The leaders of the ruling and opposition parties agreed to open primaries for the general election in April based on telephone polling of the general public and the use of so-called secured telephone numbers. It is commendable that the parties are returning the nomination authority to the general public. The parties must overcome their factional differences and instead concentrate on tightening technical loopholes in the nomination process. Instead of fighting amongst themselves, they must compete fairly through policy platforms and visions for governance for a better future. The April election will be considered a curtain raiser for the main political contest: the presidential election in the latter part of the following year. Because people’s livelihoods have become more insecure than ever, people will be closely watching out for promises of hope and change during the campaign process.

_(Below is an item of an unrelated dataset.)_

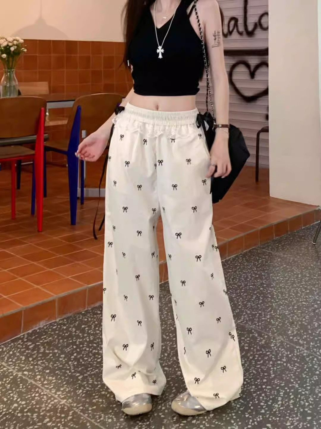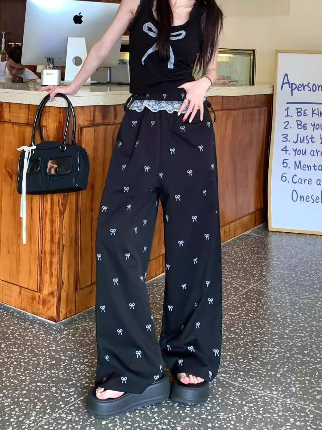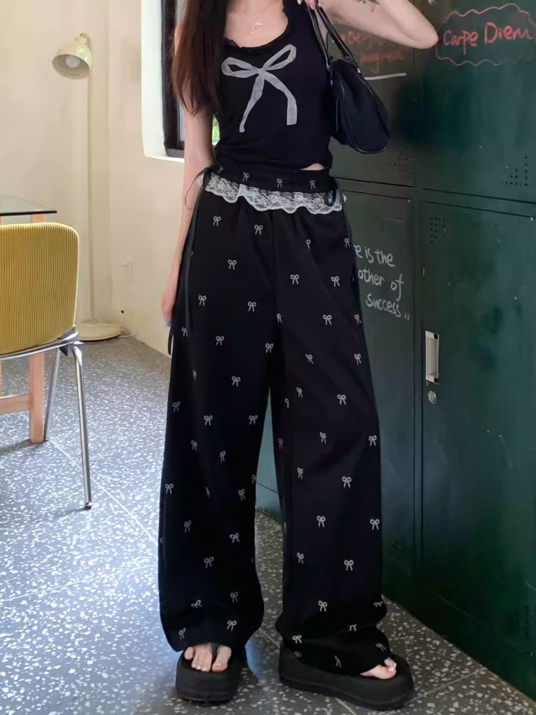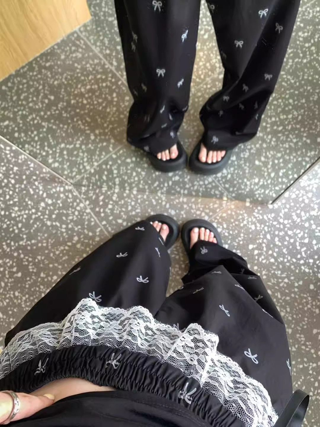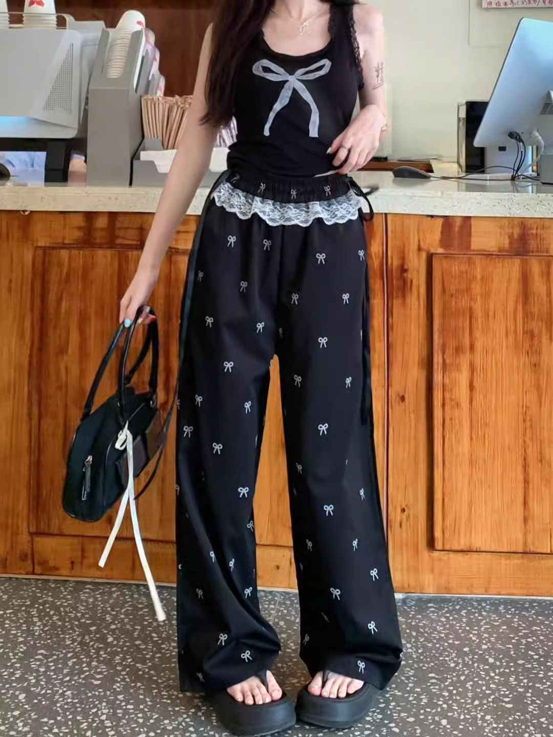 달콤한 핫걸 레이스 스플라이싱 캐주얼 팬츠 보우 팬츠 여성 여름 루즈한 신축성 있는 허리 와이드 팬츠 스트레이트 팬츠

First of all, the people want to know what party has the will to pull the economy away from the danger of a structural slowdown. On the campaign trail of the previous general and presidential elections, welfare was pitched as being more important than economic growth. Politicians competed to sell various social benefit programs without considering how to come up with the means of paying for them, including the possibility of tax hikes.

Welfare programs are still eating up the national budget and pushing up debt. Both parties must make it clear whether they will continue with the competition over welfare spending in the upcoming elections. Since other countries clearly prove the limits and dangers of debt-financed growth, the only way to drive growth is through revived corporate activities. But pressure on large companies to share their growth with smaller companies will only weaken their growth potential.

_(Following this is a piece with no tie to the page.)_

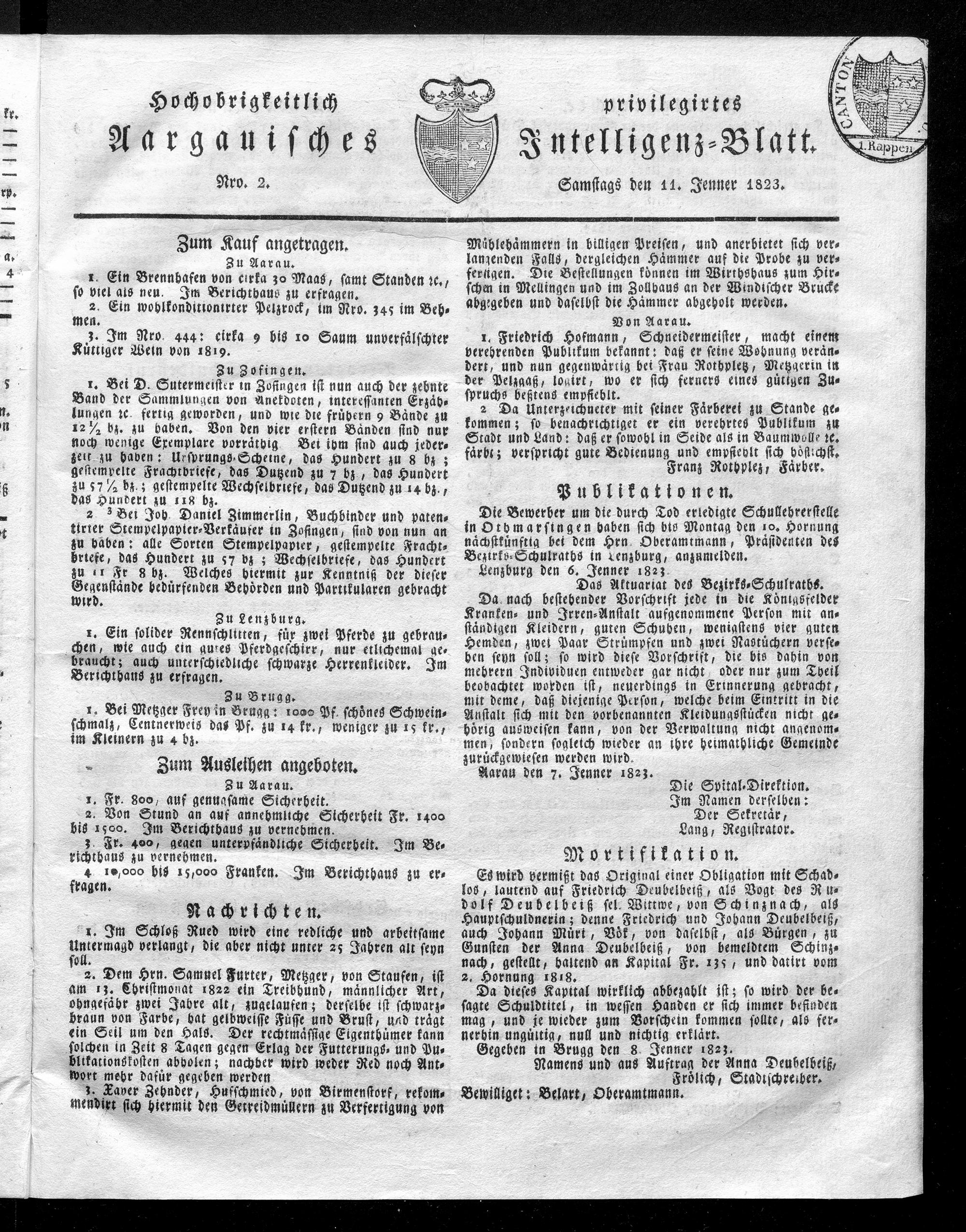 Hochobrigkeitlich privilegirtes Aargauisches Intelligenz-Blatt

Second, redistribution of wealth and welfare are unquestionably as important campaign issues as growth. Fiercer global competition has widened wealth inequalities. Due to low interest rates and a real estate slump, the gap in wages has become bigger and there’s a widening disparity in distribution of assets. Narrowing the earnings gap between large and smaller companies and between salaried and non-regular workers has become necessary for fairer distribution. Both parties must articulate their stance on the unions of large companies clinging to their various prerogatives in terms of wages and other benefits.

Higher taxes on the rich could draw cheers from the public, but there are no realistic tax hikes that could can pay for universal welfare programs. The cost of easing poverty among senior citizens must be raised in a more reasonable and sustainable way. Tax-backed financing should be sought for a limited transitional period until the public pension system becomes more established.

Third, Korea’s diplomatic capacity to respond to globalization and trade blocks has become a crucial issue. Korea must become stronger to survive the growth of China and the technology advancement of Japan. Korea can only win through more opening up. It will naturally become strong if foreign companies with capital and technologies prefer to do business here. The country must offer various incentives to draw some of the 7 million ethnic Koreans living all over the world to return and make up for the thinning working population in Korea.

Immigration policy should be more open to foreign workers. We must take the initiative to build a cooperative framework with Asian countries and, further down the road, include North Korea to prompt progressive change in the reclusive state as a part of peace and unification strategy.

Lastly, since the general election will lead to the presidential election, parties must put forward political reform outlines and visions. Over the last 27 years, we have experienced the merits and drawbacks of a single five-year presidential term system through six presidents. Because of a rigid political structure that revolves too much around the president, the legislative function has not been integrated so well. Politicians must keep in mind that politics are the most underdeveloped field in our country.

Translation by the Korea JoongAng Daily staff.

JoongAng Ilbo, Oct. 7, Page 35

*The author is former minister of finance and economy.